Ubra launched herself at him, and they hugged.
“When I was on Caitanya-9, I reanimated a junked Dravidian and put all the surviving Defiant on it, save you,” Wake said. “And I'm damned glad I did. As soon as the Dravidian left Mars, it was intercepted by soldiers from the Reformation Confederacy. Evidently there was a scuffle between Zelity's friends and the Sane, and they commandeered the ship and steered it to Mars – riiight as Sybar and Raya signed a mutual non-aggression pact, which Zelity promptly broke without realizing it. This caused the war to flare up again. I presume that all of the imprisoned Defiant were converted into Razormen. If so, Yen Zelity is the only one of Mykor's crew that survived.”
“Damn...” Ubra was struggling to take it in. “Unfortunate timing.”

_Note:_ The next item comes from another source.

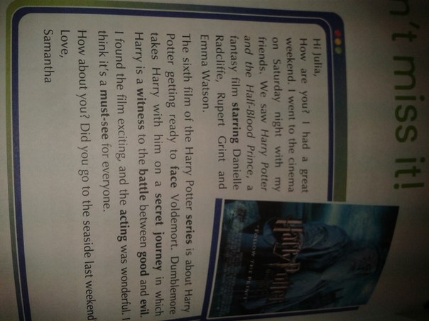 Как ты? У меня были отличные выходные! Я сходила в кино в субботу, ночью, с моими друзьями, Мы смотрели "Гарри Поттер и принц полу-кровка", фильм жанра фэнтези, а в главных ролях Дэниел Редклиф, Руперт Гринт и Эмма Уотсон

“Yes. Very unfortunate. I'm inclined to believe that the Solar Arm would have toppled soon anyway if Sybar had made peace with Raya, but still...it was unfortunate.”
“It was not as unfortunate as you might think,” Nolund said. “Raya was well aware that the returning refugees from Caitanya-9 were not soldiers. Many of them – Emeth and Haledor, among others – were former Sons of the Vanitar. She knew that it was not an attack force. It merely gave her a pretext to launch a scorched earth assault on Sybar Rodensis's forces, in a way that he wouldn't expect and wouldn't be able to prepare for.”
“And if that opportunity hadn't come along, she would have found another.”
“I believe so,” Nolund Esper said.
“Well, talk about being a company man,” Wake said. “Why are you so eager to sell out your boss, all of a sudden?”